-- Data provided follows --
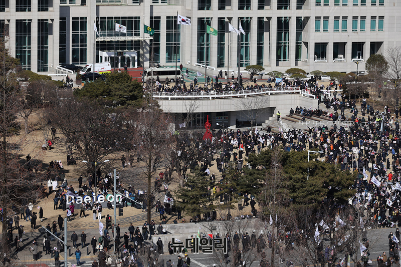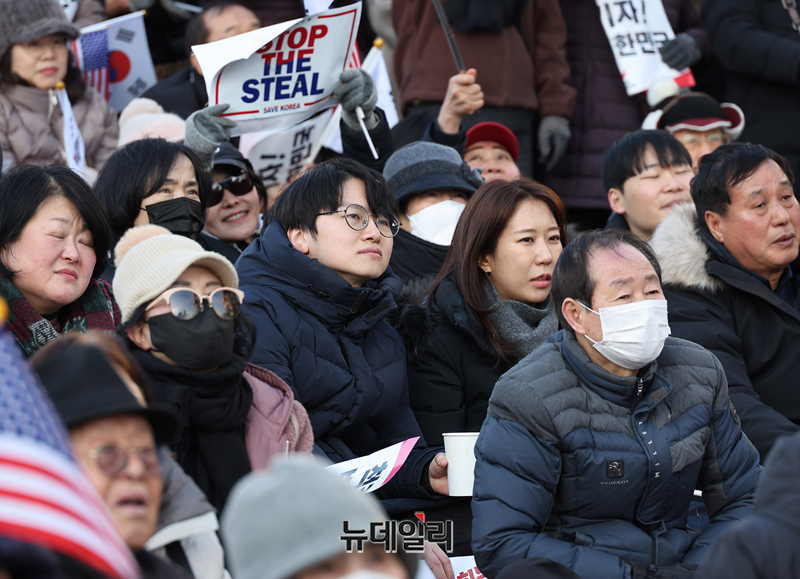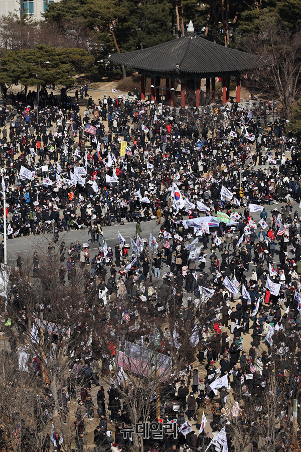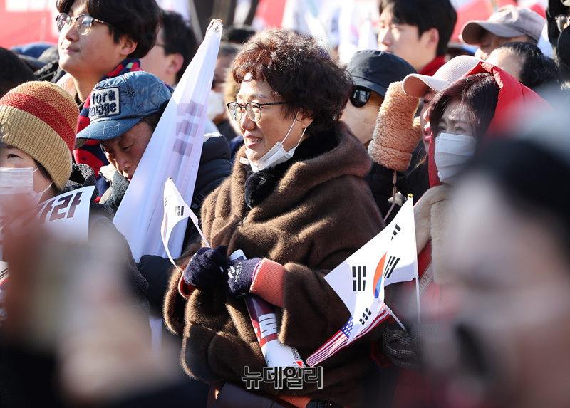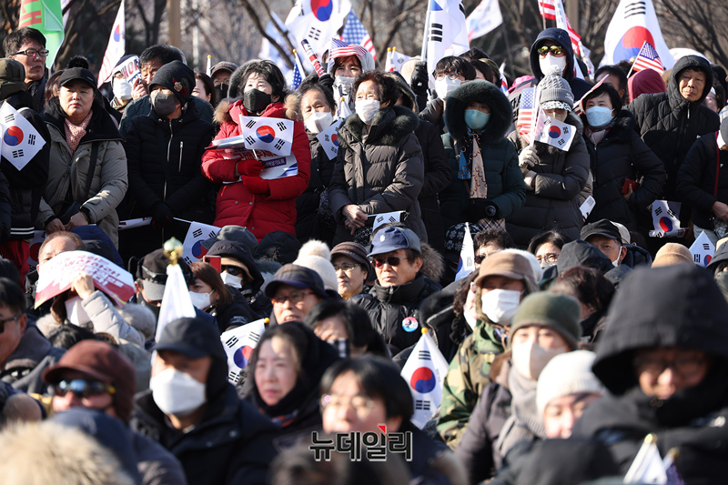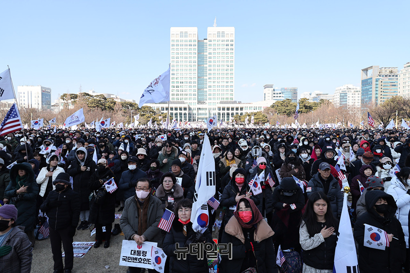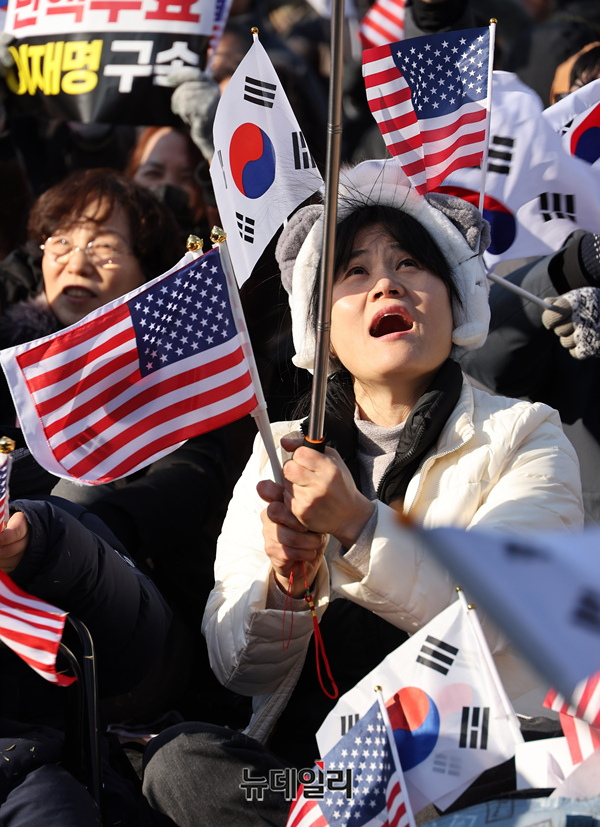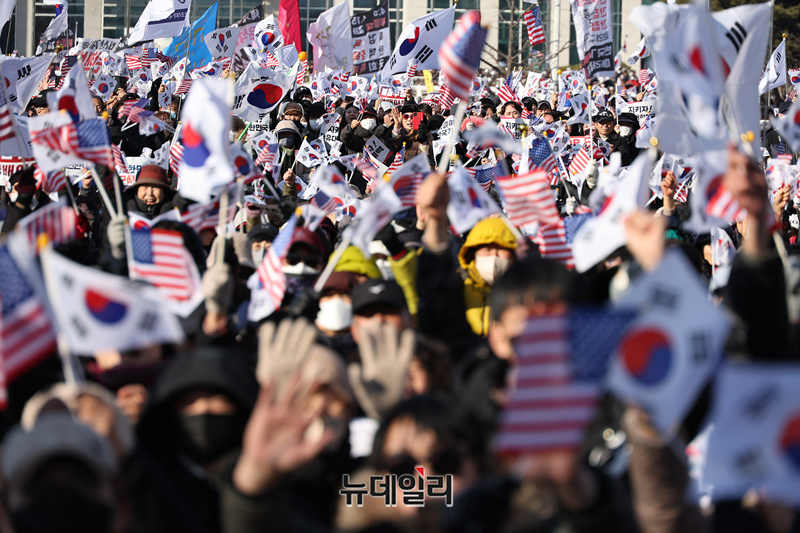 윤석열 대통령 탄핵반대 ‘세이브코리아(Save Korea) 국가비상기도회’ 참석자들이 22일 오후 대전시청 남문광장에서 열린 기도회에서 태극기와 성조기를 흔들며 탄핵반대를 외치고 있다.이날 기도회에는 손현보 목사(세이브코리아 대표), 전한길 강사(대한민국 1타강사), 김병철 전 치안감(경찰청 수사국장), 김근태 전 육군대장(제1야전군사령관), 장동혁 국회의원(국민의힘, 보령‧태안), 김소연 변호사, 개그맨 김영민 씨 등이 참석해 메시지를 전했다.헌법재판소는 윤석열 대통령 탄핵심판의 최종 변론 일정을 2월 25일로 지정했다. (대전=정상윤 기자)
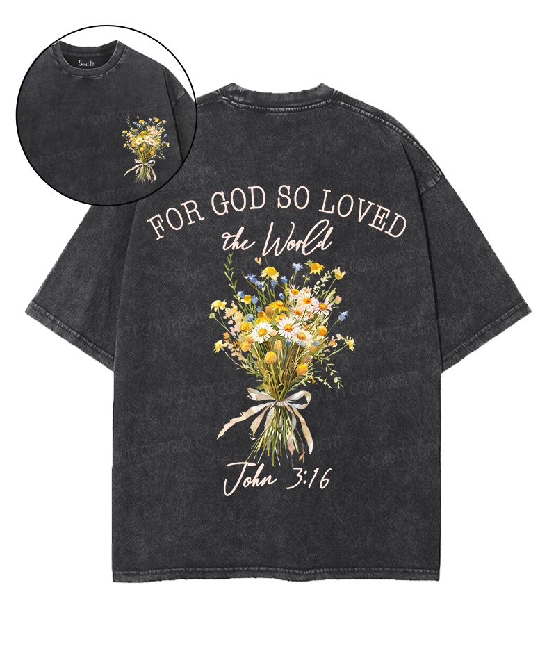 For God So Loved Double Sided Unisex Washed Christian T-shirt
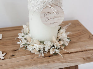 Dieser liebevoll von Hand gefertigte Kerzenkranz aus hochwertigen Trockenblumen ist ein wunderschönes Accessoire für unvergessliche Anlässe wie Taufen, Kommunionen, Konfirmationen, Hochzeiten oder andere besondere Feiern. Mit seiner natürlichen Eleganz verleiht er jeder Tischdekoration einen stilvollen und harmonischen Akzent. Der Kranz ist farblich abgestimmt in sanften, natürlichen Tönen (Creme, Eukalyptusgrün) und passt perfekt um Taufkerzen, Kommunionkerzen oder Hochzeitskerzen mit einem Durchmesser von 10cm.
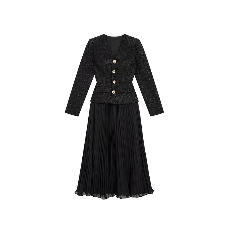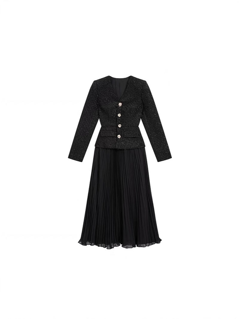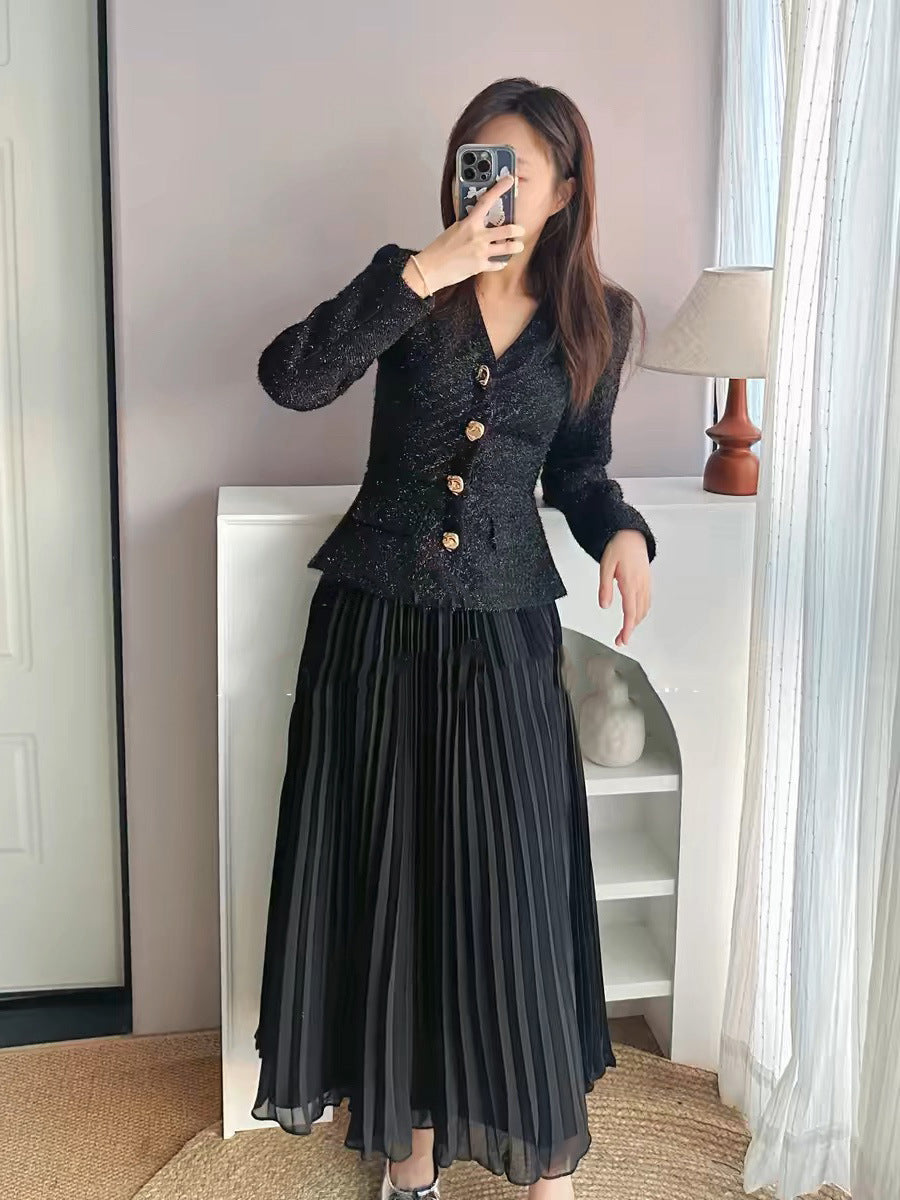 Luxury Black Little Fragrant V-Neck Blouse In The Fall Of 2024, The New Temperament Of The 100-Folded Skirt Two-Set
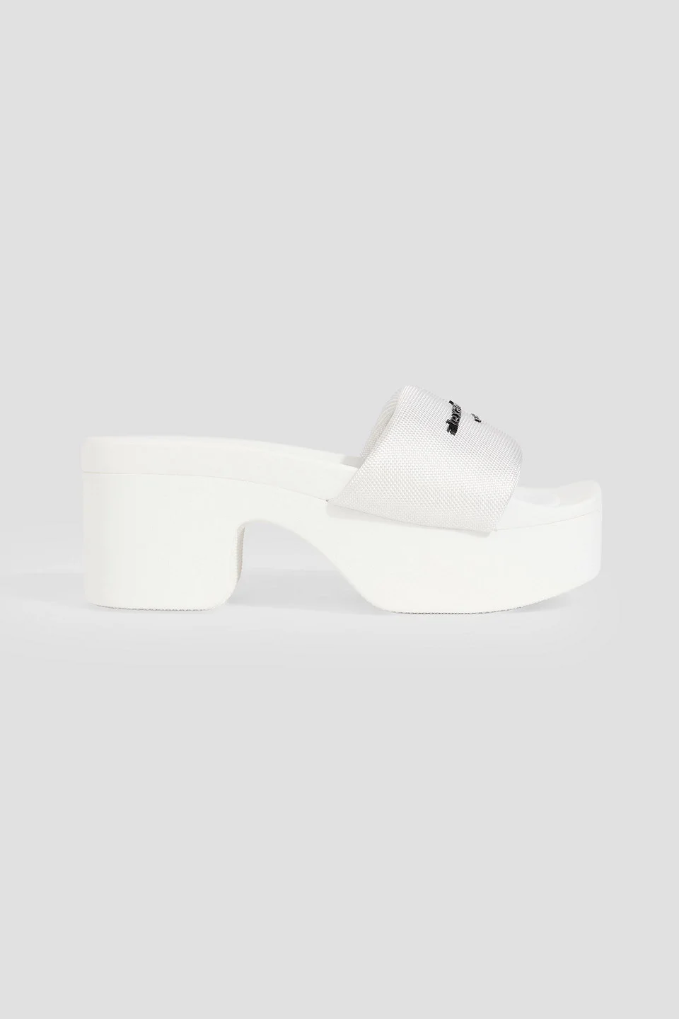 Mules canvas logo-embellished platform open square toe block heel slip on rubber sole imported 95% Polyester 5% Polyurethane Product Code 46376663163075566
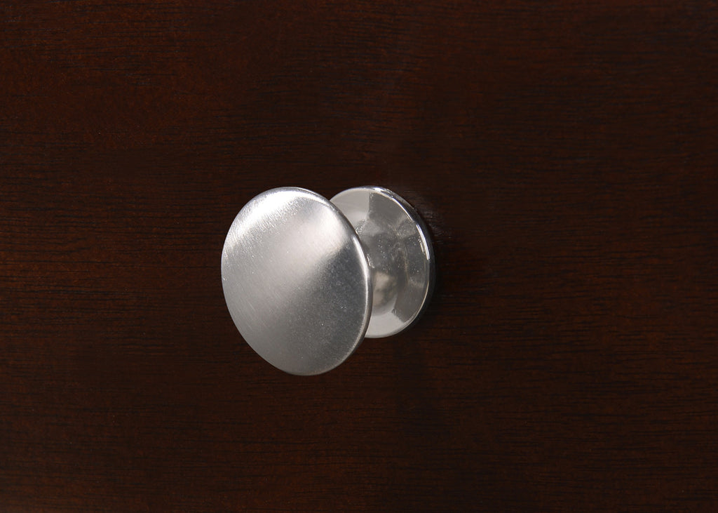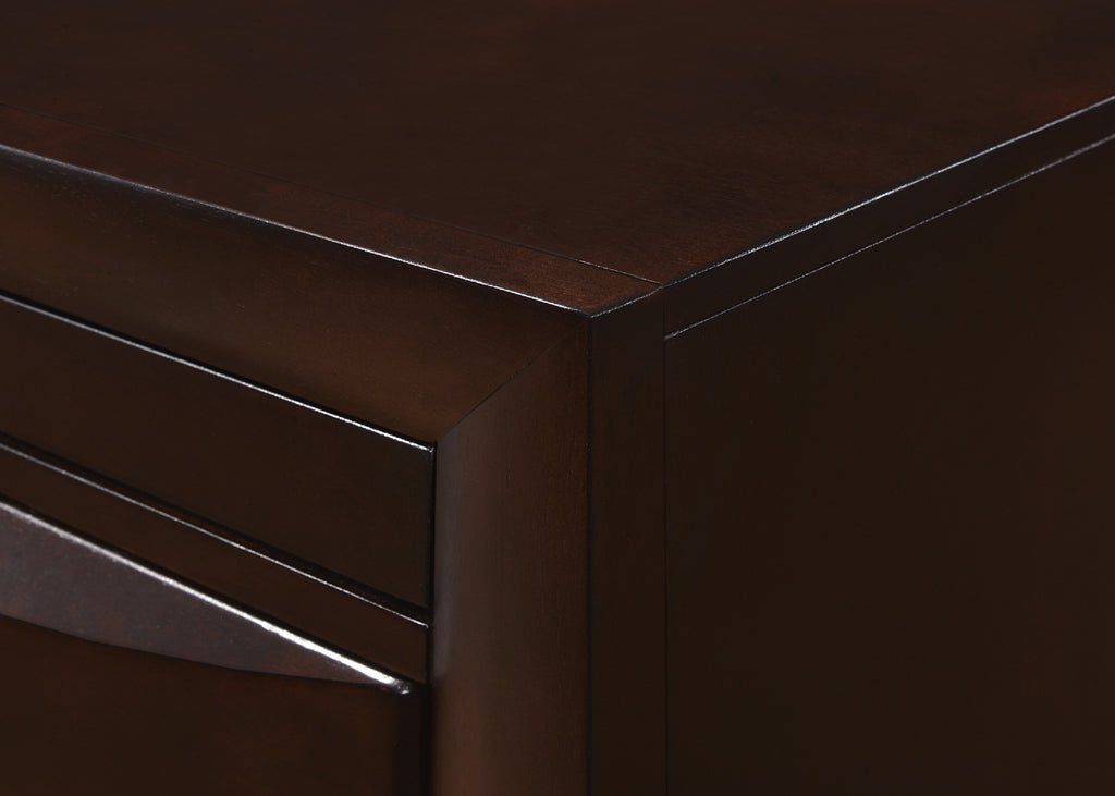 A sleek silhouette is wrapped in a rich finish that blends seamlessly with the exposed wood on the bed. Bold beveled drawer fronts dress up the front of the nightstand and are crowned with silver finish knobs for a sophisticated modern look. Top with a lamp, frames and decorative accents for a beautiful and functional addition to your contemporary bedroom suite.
-- Data provided concluded --
**Work order**:
Starting with the first line of the material above and ending with the line that holds "Dieser liebevoll von", write out those lines exactly, without pictures.

**Result below**:
 윤석열 대통령 탄핵반대 ‘세이브코리아(Save Korea) 국가비상기도회’ 참석자들이 22일 오후 대전시청 남문광장에서 열린 기도회에서 태극기와 성조기를 흔들며 탄핵반대를 외치고 있다.이날 기도회에는 손현보 목사(세이브코리아 대표), 전한길 강사(대한민국 1타강사), 김병철 전 치안감(경찰청 수사국장), 김근태 전 육군대장(제1야전군사령관), 장동혁 국회의원(국민의힘, 보령‧태안), 김소연 변호사, 개그맨 김영민 씨 등이 참석해 메시지를 전했다.헌법재판소는 윤석열 대통령 탄핵심판의 최종 변론 일정을 2월 25일로 지정했다. (대전=정상윤 기자)
 For God So Loved Double Sided Unisex Washed Christian T-shirt
 Dieser liebevoll von Hand gefertigte Kerzenkranz aus hochwertigen Trockenblumen ist ein wunderschönes Accessoire für unvergessliche Anlässe wie Taufen, Kommunionen, Konfirmationen, Hochzeiten oder andere besondere Feiern. Mit seiner natürlichen Eleganz verleiht er jeder Tischdekoration einen stilvollen und harmonischen Akzent. Der Kranz ist farblich abgestimmt in sanften, natürlichen Tönen (Creme, Eukalyptusgrün) und passt perfekt um Taufkerzen, Kommunionkerzen oder Hochzeitskerzen mit einem Durchmesser von 10cm.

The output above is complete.